Previous studies have focused primarily on email volume and the extra time it adds to workdays. This research breaks new ground by exploring a different aspect of the problem — the expectation that workers will respond to email in their off-hours. Such a job norm, the professors write, “creates anticipatory stress” and “influences employees’ ability to detach from work regardless of the time required for email.”

The authors call on managers “to enforce organizational practices that will help to mitigate these negative effects and protect their employees in the long run. For instance, if completely banning email after-hours is not an option … they may want to establish formal policies and rules on availability for after work hours, such as weekly ‘email-free days’ or specific rotating schedules that will allow employees to manage their work and family time more efficiently. … Such policies may not only reduce employee pressure to reply to emails after-hours and relieve the exhaustion from stress but will also serve as a signal of organizational caring and support.”

Prof. Becker comments that some companies appear to have already figured this out. He credits Boston Consulting Group for pioneering the guarantee of one email-free evening a week, and cites Northeast Topping, a small healthcare consulting firm in Philadelphia, for prohibiting correspondence after 10 p.m. and on weekends and Huffington Post for a similar policy.

The study’s findings emerge from an analysis of survey responses via email of working adults whom the authors recruited from a business school alumni association and LinkedIn interest groups and who had jobs in a wide variety of industries and organizations. Participants indicated that they spent an average of about eight hours a week doing company-related emails after hours, with greater amounts associated with less ability to detach from work. But the effect of expectations in hampering detachment was much greater.

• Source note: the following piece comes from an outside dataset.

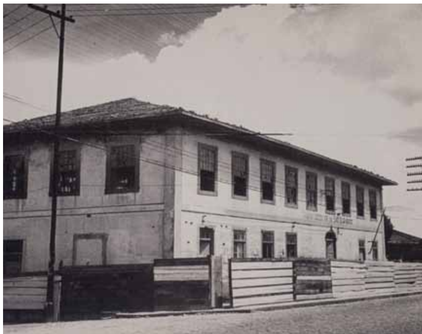
O casarão em 1951, pouco antes de sua demolição.

Construído no início do século XIX para ser a moradia do Alferes Francisco Martins Bonilha, rico produtor de chá e figura influente na então Freguesia de São Bernardo, este casarão situava-se defronte à estrada do mar, hoje Rua Marechal Deodoro, no ponto onde atualmente está a Praça Lauro Gomes. Bonilha recepcionou nele, durante anos o maior edifício da localidade, viajantes

Expectation impedes detachment most, the professors found, when individuals have strong segmentation preference — that is, strongly wish to keep work and family separate. Although such people are generally more likely to detach from work than those with low preference, insistence on after-hours email availability evidently upsets their ability to do so.

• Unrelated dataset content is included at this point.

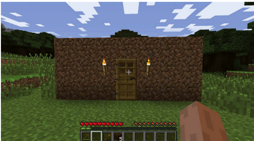
Abbildung 1.14: Fertiges Gebäude

Die Tür muss nun nur noch an der richtigen Stelle positioniert werden. Die beiden übrigen Fackeln können noch außen am Haus neben der Tür platziert werden, das sieht nicht nur gut aus, sondern hilft auch, die eigene Behausung wiederzufinden, sollte man nachts einen Spaziergang unternehmen. Abbildung 1.14 zeigt das fertige Gebäude.

In conclusion, the authors reiterate that “even though high-pressure environments with strong salient norms may appear beneficial for organizations in the short-run … such environments appear to be a double-edged sword. Managers need to be cognizant of the consistent negative impact on individual perceptions and well-being that may prove to be especially onerous over time not only to individuals but also ultimately to organizational functioning.”